For the longest time in my life, I did not believe in therapy. I am a certified practicing therapist now, and have been practicing for about 8 odd months, but during my formative years, the terms therapy and therapist were the most absurd to me. Yes, people say life comes full circle and it has for me, because after I had this revelation, I fell in love with therapy to a point where I wanted to pursue it as my career.
The society, the people around me, and somewhere even I, myself had always judged people who went for therapy. I felt that therapy was really for people with ‘too many issues’, people who were ‘crazy’ and only wondered about one question - how on earth are people not able to sort their own shit and why would they need another person for that?
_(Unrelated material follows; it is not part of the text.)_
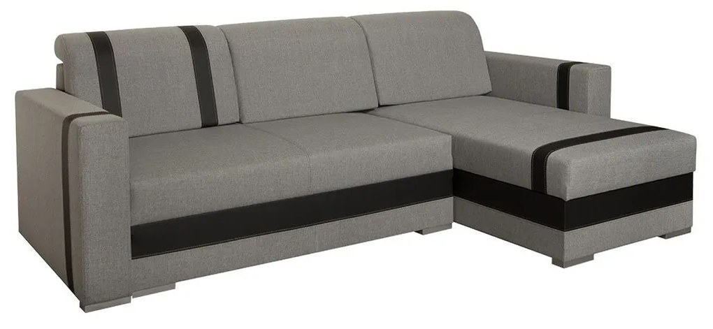 Rozkladacia rohová čalúnená sedacia súprava s úložným priestorom do tvaru L AVESTA pravá sivá
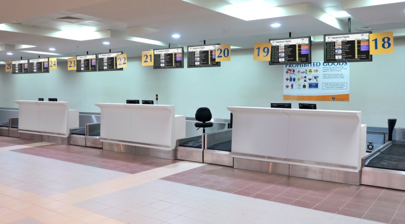The CURVED counter range developed by INTOS comprises an inviting vacuum-formed Solid Surface front panel, available in various colors and patterns. The combination of the Solid Surface front panel, compact laminate desk top, sides and printer cabinet, stainless steel plinth and foot rail makes the CURVED a solid, state of the art counter range. The CURVED counter range is available in different counter types for check-in, passport control/immigration, boarding gate, ticket sales, car rental, etc.. This ensures a consistent look & feel throughout the complete terminal.

But then, I guess life happened to me. I started facing issues in my personal life, in my relationships (had the worst heartbreak possible), and I felt distant from my family, my twin sister, and all my friends. It felt like my life was falling apart, like in a movie when the protagonist faces rejection in every direction, only here, I did not know what was going to happen next, or whether my ending would be happy or a sad one.
A friend of mine recommended therapy and I (finally) took the plunge. Trust me, this was one of the many good decisions I made from there on. I went for therapy. It’s shocking, right? A girl who didn’t believe in therapy and for most of her life judged other people for it, is actually in therapy herself. It came as a surprise to me as well but I really was out of options at that time.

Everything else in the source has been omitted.